В те времена, когда хищник мог охотиться, не беспокоясь о компьютерных базах данных, программах распознавания лиц, образцах ДНК или командах агентов ФБР, идущих по следу.
С разрушением сети все это исчезло. Он мог путешествовать из города в город, из округа в округ, из мегаполиса в мегаполис, из штата в штат.
Никаких цифровых следов, по которым кто-то мог бы пойти. Никаких следов ДНК, чтобы прижать его к пресловутой стене.
Он свободен. Совершенно свободен делать все, что хотел, с кем хотел, когда хотел и как хотел. Совершенно не привязан к современному миру законов и правил, полицейских государств и тирании.
Манящая перспектива привлекала. Его новое будущее поражало бесконечными возможностями.
У него осталась только одна проблема. Одна проблема, которая никак не хотела исчезнуть, как шип в ноге, незаживающий порез, раздражитель, непрерывно царапающий глазное яблоко.
Девка. Та, которая сбежала.
Единственная.
Он мог просто о ней забыть. Он мог позволить ей бежать домой и рассказывать любые истории, какие она пожелает, кому пожелает. Ему больше не требовалось возвращаться в пределы Фолл-Крика.
Он мог рыскать по стране, собирать кровавую жатву, которая ждала его, созрев для сбора. Каждый день новая жертва, если он захочет.
И он это сделает. Так и будет. Но ни за что на свете он не отступит.
Гэвин Пайк не проиграл. Ни игру, ни бой, ни жертву. Ни разу. Он не собирался начинать с нее. Этот робкий маленький воробей. Эта трусливая мышка.
Она принадлежала ему. Она полностью его. То, что она носила в себе, тоже принадлежало ему.
Свежая ярость пронзила его, сжигая внутренности, доводя до исступления, ненависти и желания. Он не мог успокоиться, пока не отомстит.
Пока не сокрушит каждую изящную косточку в ее теле.
— Ты уже все закончил? — рявкнул он на дрожащего доктора.

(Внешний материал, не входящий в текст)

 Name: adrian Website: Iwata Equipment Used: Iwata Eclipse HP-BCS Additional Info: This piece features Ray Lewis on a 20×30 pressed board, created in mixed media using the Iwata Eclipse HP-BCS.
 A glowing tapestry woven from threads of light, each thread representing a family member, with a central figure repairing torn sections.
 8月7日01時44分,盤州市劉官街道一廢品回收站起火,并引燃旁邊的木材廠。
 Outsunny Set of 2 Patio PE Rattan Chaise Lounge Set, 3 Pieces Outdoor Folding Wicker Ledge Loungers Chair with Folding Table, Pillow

Врач наложил повязку и закончил обматывать его левое предплечье.
— Многослойная защитная одежда и толстая кожа пыльника спасли вашу руку от серьезных повреждений. Раны от укусов в основном поверхностные, с небольшими разрывами мышц и без видимых повреждений связок. Тем не менее, вам нужен отдых…
Пайк вырвал руку из рук доктора. Пожилому старику на вид было за семьдесят. Тонкие пучки седых волос ореолом окружали его лысую голову, сгорбленные плечи, руки, покрытые пигментными пятнами.

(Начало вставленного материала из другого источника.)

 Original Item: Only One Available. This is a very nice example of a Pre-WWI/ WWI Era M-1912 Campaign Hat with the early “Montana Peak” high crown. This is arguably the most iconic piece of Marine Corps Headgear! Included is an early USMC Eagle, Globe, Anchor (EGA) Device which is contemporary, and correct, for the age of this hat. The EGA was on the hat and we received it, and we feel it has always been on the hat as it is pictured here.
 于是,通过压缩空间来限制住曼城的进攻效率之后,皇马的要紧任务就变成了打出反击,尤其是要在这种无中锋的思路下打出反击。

— Я буду отдыхать, когда умру.
А это никогда не случится, если Пайк будет в состоянии этому помешать.
Доктор нервно посмотрел на «Берретту» Пайка.

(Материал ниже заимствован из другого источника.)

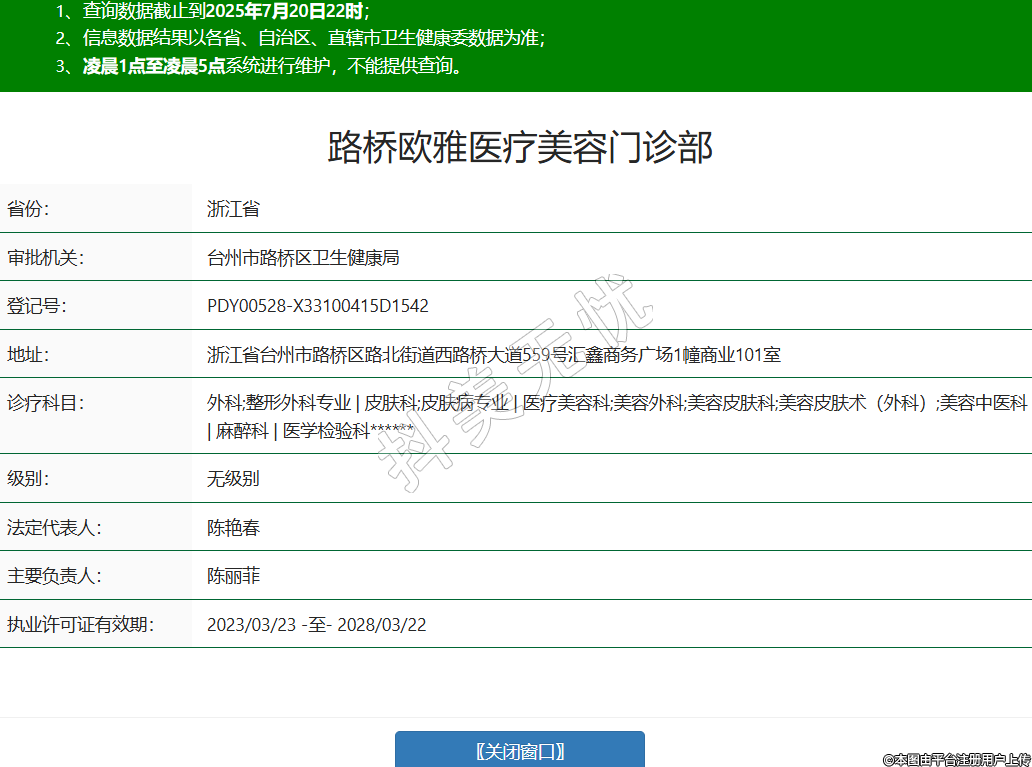 省份:浙江省審批機(jī)關(guān):臺(tái)州市路橋區(qū)衛(wèi)生健康局登記號(hào):PDY00528-X33100415D1542地址:浙江省臺(tái)州市路橋區(qū)路北街道西路橋大道559號(hào)匯鑫商務(wù)廣場(chǎng)1幢商業(yè)101室診療科目:外科;整形外科專(zhuān)業(yè) | 皮膚科;皮膚病專(zhuān)業(yè) | 醫(yī)療美容科;美容外科;美容皮膚科;美容皮膚術(shù)(外科);美容中醫(yī)科 | 麻醉科 | 醫(yī)學(xué)檢驗(yàn)科******級(jí)別:無(wú)級(jí)別法定代表人:陳艷春主要負(fù)責(zé)人:陳麗菲執(zhí)業(yè)許可證有效期:2023/03/23 -至- 2028/03/22 -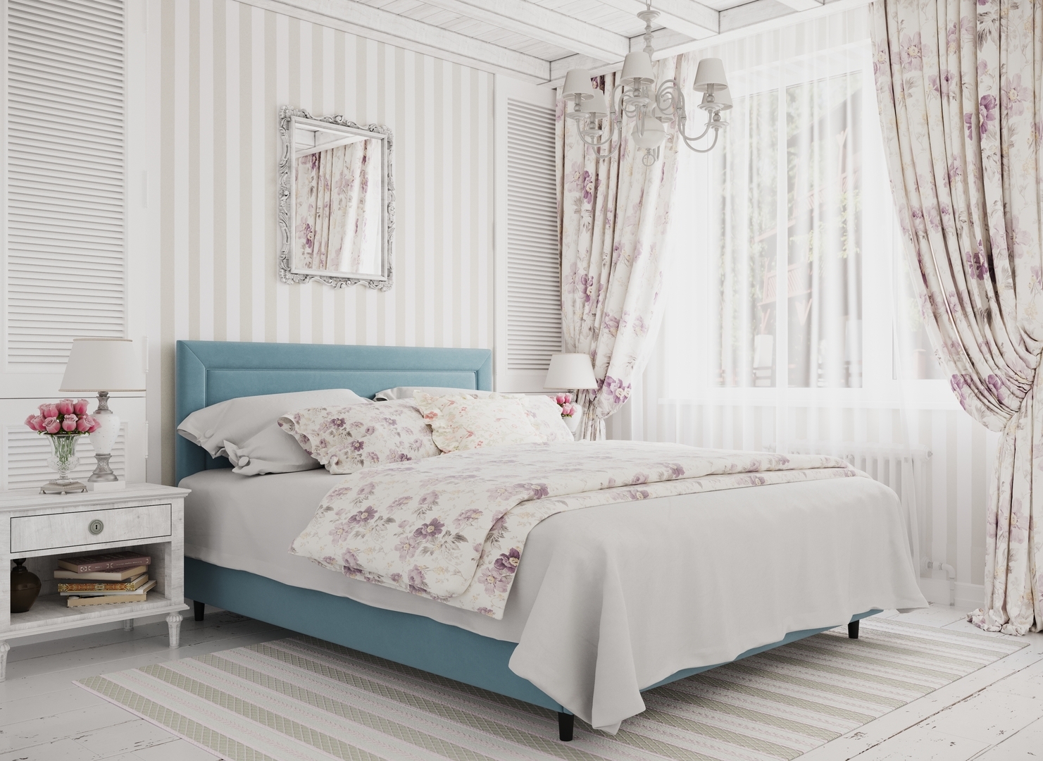 Создать гармоничный интерьер и завершить образ спальни помогут дополнительные аксессуары, например: тумбы, банкетки, подушки.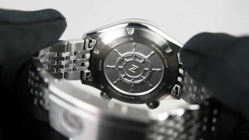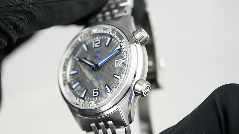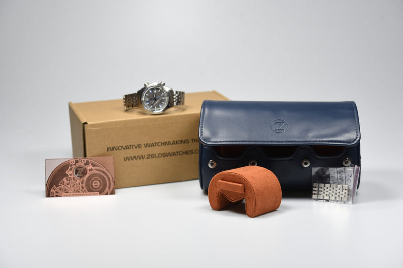 De Zelos Helmsman Meteorite (Pre-owned) is een horloge in nieuwstaat en komt met de volledige set met doos en papieren (07/2025).

— Вы сказали, что отпустите меня. Я сделал то, что вы просили.
— Так и есть. Я благодарю вас за это. — Пайк соскользнул со стола для осмотра. Он сделал два шага назад к двери. Его одежда лежала аккуратной стопкой на стуле. Его винтовка «Винчестер 70» стояла прислоненная к стулу. — Однако, все еще больно, черт возьми.
Он посмотрел на свой новый пистолет, «Беретту» F92. Он всегда ценил хорошие пистолеты «Беретта» F-серии. Уникальный затвор с открытым стволом придавал пистолету особый вид. Пайку нравился его размер. Пистолет хорошо ложился в руки.
Он хотел испытать его.
Доктор прочистил горло.
— Я могу дать вам опиаты, но не смогу полностью снять боль.
Пайк поднял пистолет одной рукой и нацелил его в грудь доктора. Снял с предохранителя.
— Это прискорбно.
Лицо доктора побледнело. Его воспаленные карие глаза расширились. Он поднял дрожащие руки.
— Я сделал то, что вы просили! Пожалуйста, не убивайте меня! У меня есть сын! У меня есть внук…
Пайк выстрелил. На таком расстоянии ему не требовался двуручный хват. Промахнуться просто невозможно.
Доктор замер на мгновение, потрясенный. Он посмотрел вниз на себя, на красное пятно, расползающееся от центра его свитера цвета морской волны. Схватившись за грудь, он опустился на колени.